The unfortunate thing about the function window-configuration-to-register
is that it returns an opaque #<window-configuration>
data structure that is not easily serialized. Instead, one should use the function window-state-get
which will return a window configuration as an elisp data structure. Calling it with the following parameters will return a data structure that is amenable to being saved in an elisp source file.
(window-state-get (frame-root-window) t)
The return value of the above function can be passed to window-state-put
to restore the window configuration later. To make this more generally usable, I came up with the following interactive functions.
(defvar w/configs (make-hash-table :test #'equal)
"This is a hash-table where window configurations used by w/save and w/load are stored.")
(defun w/save (key)
"Save the current window configuration to w/configs."

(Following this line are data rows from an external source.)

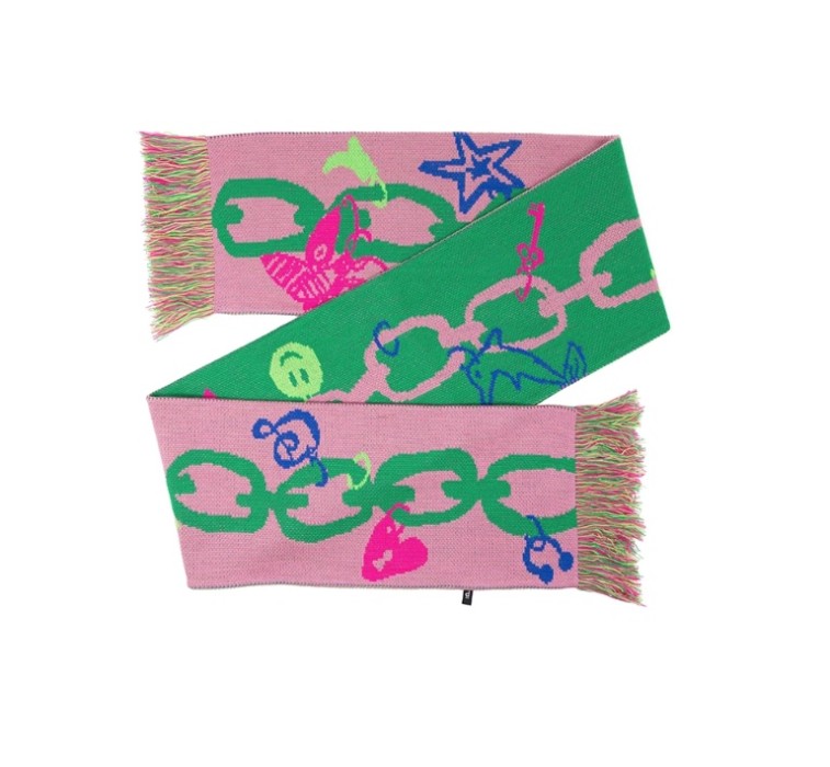 Une chaîne tricotée comme un collier fétiche, voilà l’intention forte de l’artiste Delphine Dénéréaz. Dessus pendent des breloques qui claquent, des port-bonheurs qui brillent – cœur/clef/dauphin transforment l’écharpe en bijoux.
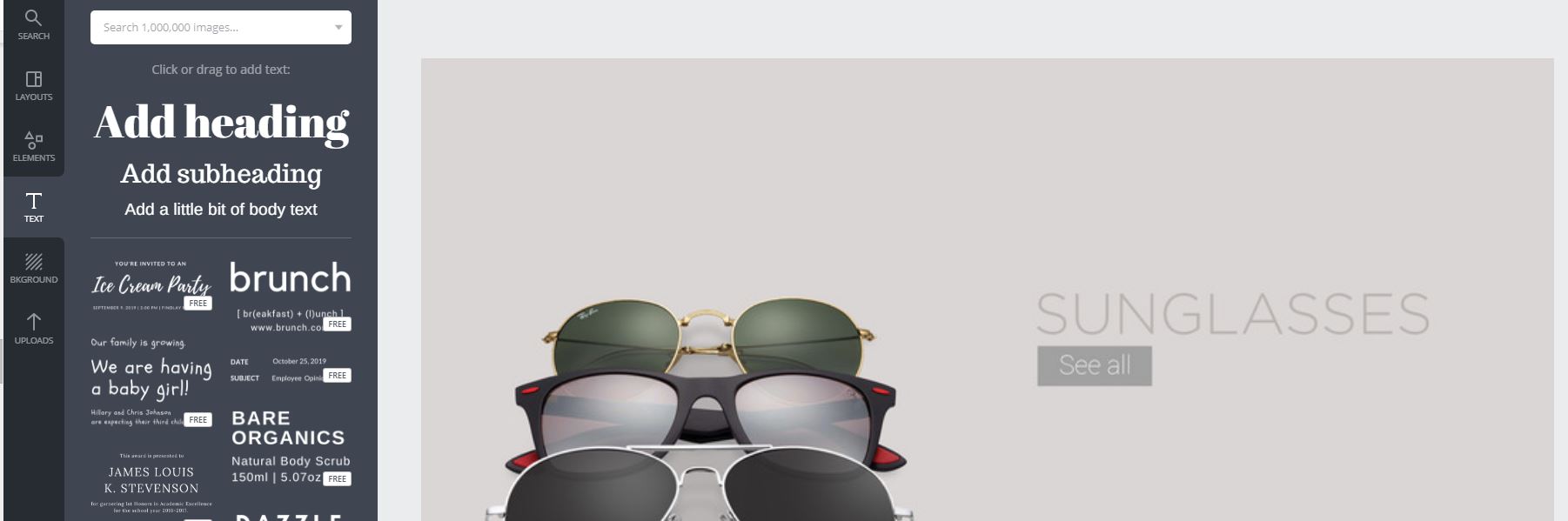 Une fois l’image disponible sur la toile, vous pourrez commencer à la modifier. Si vous voulez ajouter du texte, vous devrez aller à la section « Text » dans le menu à gauche, où vous verrez toutes sortes de tailles et de types de caractères déjà recommandés que vous pourrez facilement faire glisser et modifier.
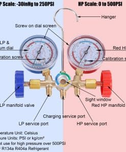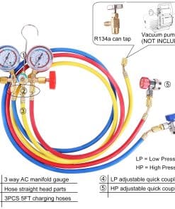Compatible con la carga de refrigerantes R12 R22 R134a R404a. Perfecto para el aire acondicionado automotriz y doméstico, para evacuación/vacío, chequeo diagnóstico, carga y recuperación de freón.
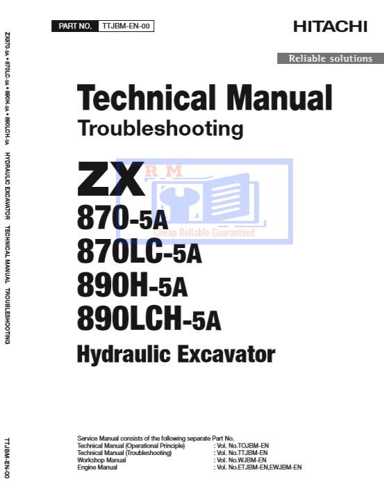 Hitachi ZX870-5A and ZX890-5A series technical manuals, providing essential information for operation and maintenanceHitachi ZX870-5A, Hitachi ZX890-5A Series Technical Manuals
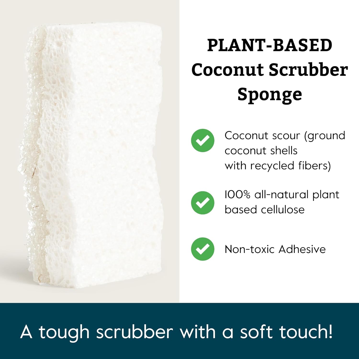 • EARTH-FRIENDLY HOUSEHOLD ESSENTIAL: This non-scratch, super absorbent dish sponge is made from natural materials of coconut husk & 100% plant-based cellulose. A cleaning essential for every household kitchen & bathroom. Great as a cast iron scrubber
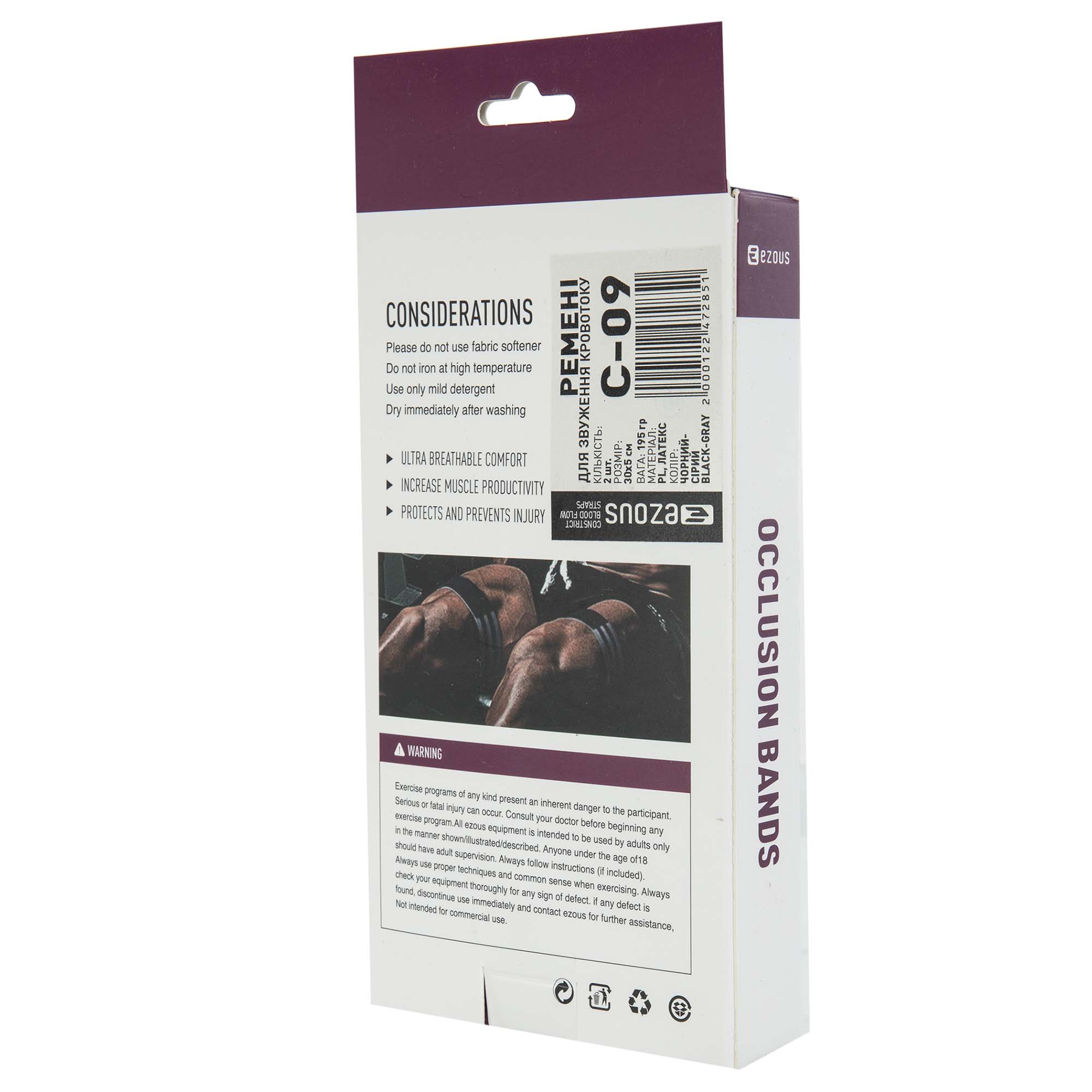 Ремни для сужения кровотока OCCLUSION BANDS EZOUS изготовлены из полиэстера и латекса. Полиэстер обладает большим запасом прочности, а латекс обеспечивает хорошую эластичность изделия. Ремешки предназначены для сужения кровотока и, как следствие, улучшения мышечного отклика на нагрузку. Изделие необходимо зафиксировать перед мышечной группой, которую вы планируете тренировать следующей. Степень фиксации можно регулировать благодаря удобной застежке. Сужение кровотока приводит к увеличению синтеза белка в мышце и уменьшению поступления кислорода. Такая стрессовая ситуация приводит к улучшению мышечного отклика на привычную для вас нагрузку.
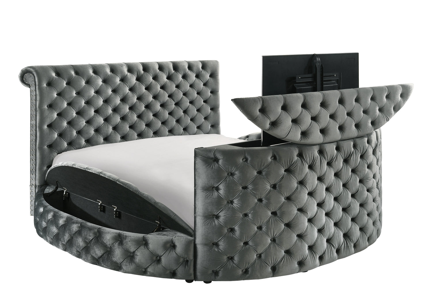 Indulge in the epitome of luxurious comfort and innovative design with this exquisite bed, a true masterpiece for those who appreciate both form and functionality in their sleeping quarters. Boasting a majestic, deeply tufted headboard with nail head trim, this bed is upholstered in sumptuous grey velvet, offering a touch of opulence to any bedroom setting. The footboard features an integrated television lift mechanism, seamlessly blending entertainment with relaxation. Additionally, a built-in electric fireplace enhances the ambiance and provides a cozy, warm glow that invites you to unwind in style. The bed’s innovative round design includes a practical storage system, discreetly hidden to maintain its sleek profile. This bed is perfect for those seeking a luxurious retreat that combines modern technology with sophisticated design elements to create an unparalleled bedroom experience.
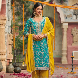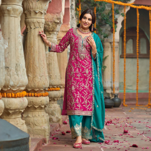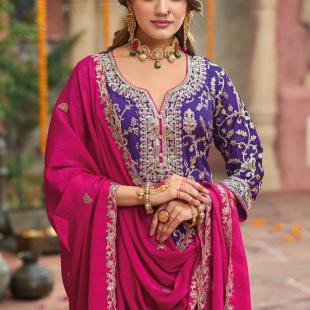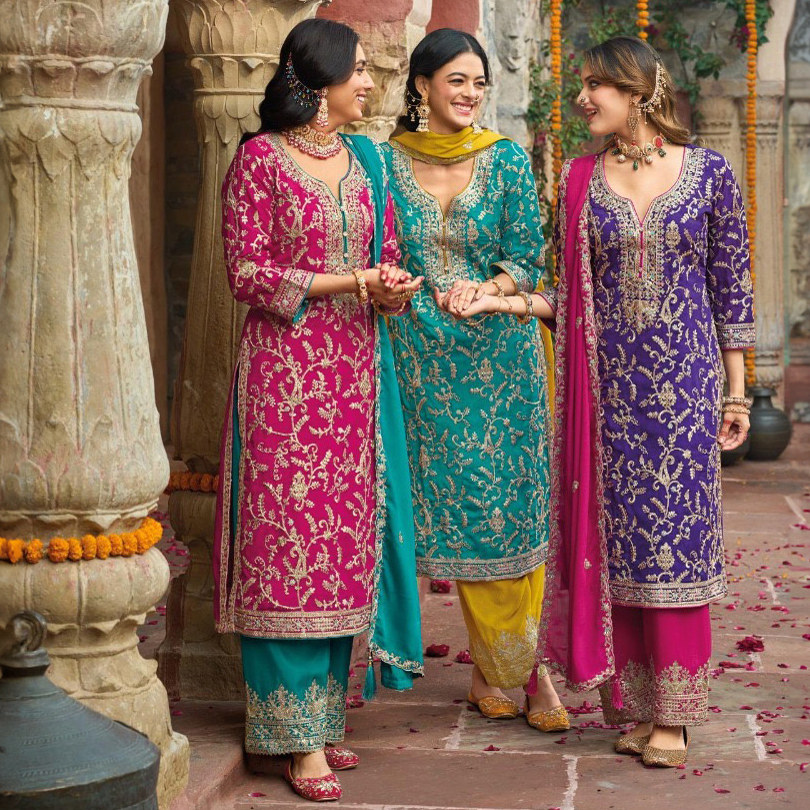 印度进口传统服饰重工金线刺绣套装 圆领chinon民族风旁遮比3件套

(interactive "sName for window configuration: ")
(puthash key
(window-state-get (frame-root-window) t)
w/configs))
(defun w/load (key)
"Load a named window configuration from w/configs."
(interactive
(let* ((completion-ignore-case t)
(completions '())
(nothing (maphash (lambda (k v) (push k completions)) w/configs)))
(list (completing-read "Choose: " completions nil t))))
(window-state-put (gethash key w/configs)))
These two functions can be used to save and load window configurations into the hash-table w/configs
. If there are window configurations you use often, you can preload w/configs
with those settings. Binding these functions to keys is left as an exercise for the reader.
This solution doesn't use registers, but that's OK. It does solve the higher-level problem of saving and loading window configurations in elisp data structures. Whether the register system is used or a hash-table is used is an implementation detail.